The pope prepares for a controversial trip to Turkey
IT HAS been called the most hazardous journey undertaken by a Roman pontiff in modern times. Some of the hazards of this week’s papal visit to Turkey may be unavoidable, others may have been of his own making. The trip by Pope Benedict XVI, which begins on Tuesday November 28th, was first conceived as an exercise in intra-Christian diplomacy: a visit to the Patriarch Bartholomew I, the most senior bishop of the worldwide Orthodox church, who resides in Istanbul.

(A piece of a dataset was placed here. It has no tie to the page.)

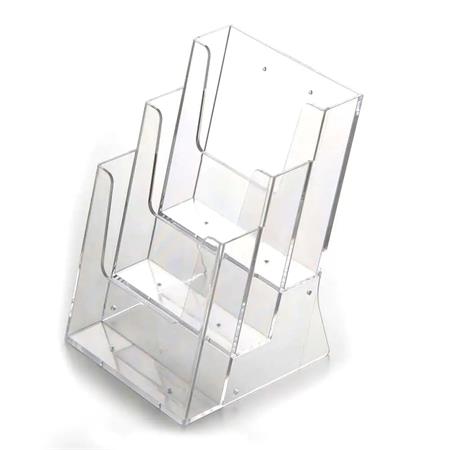 A 3 rekeszes asztali és fali szórólaptartó praktikus és sokoldalú megoldás többféle kiadvány egyidejű, rendezett megjelenítésére.-asztalra helyezhető és falra is szerelhető kivitel-A5 méretű brosúrákhoz-3 rekeszes kialakítás-belső méret: 152 × 141 × 34 mm-postákra, bankokba, üzletekbe és orvosi várókba ajánlott-akár 3 különböző kiadvány egyidejű megjelenítésére alkalmas-teljesen átlátszó kivitel-logózással vagy matricázással egyedivé tehető-helytakarékos kialakításGyártó/első EU forgalmazó elérhetősége: R+C Kereskedelmi és Szolgáltató Zrt.1558 Budapest, Pf. 161. Magyarországcolop@colop.huwww.colopshop.hu

It was largely at the insistence of the government in Ankara that the purpose of the journey was broadened into an opportunity for the pontiff to test and possibly re-examine his hitherto sceptical view of Turkey. But the omens in recent months have not been benign. The pope upset two large sections of Turkish society with a lecture on September 12th in which he quoted (without endorsing) a Byzantine emperor who suggested that Islam had engendered nothing but violence. Devout Muslims in Turkey (and around the world) were offended by the insult to their faith. Secular-nationalist Turks bristled at the mention of a Byzantine monarch. No wonder that some leading members of Turkey’s mildly Islamist government have seemed at pains to find excuses not to meet the pontiff, although the prime minister, Recep Tayyip Erdogan, now says that he will do so.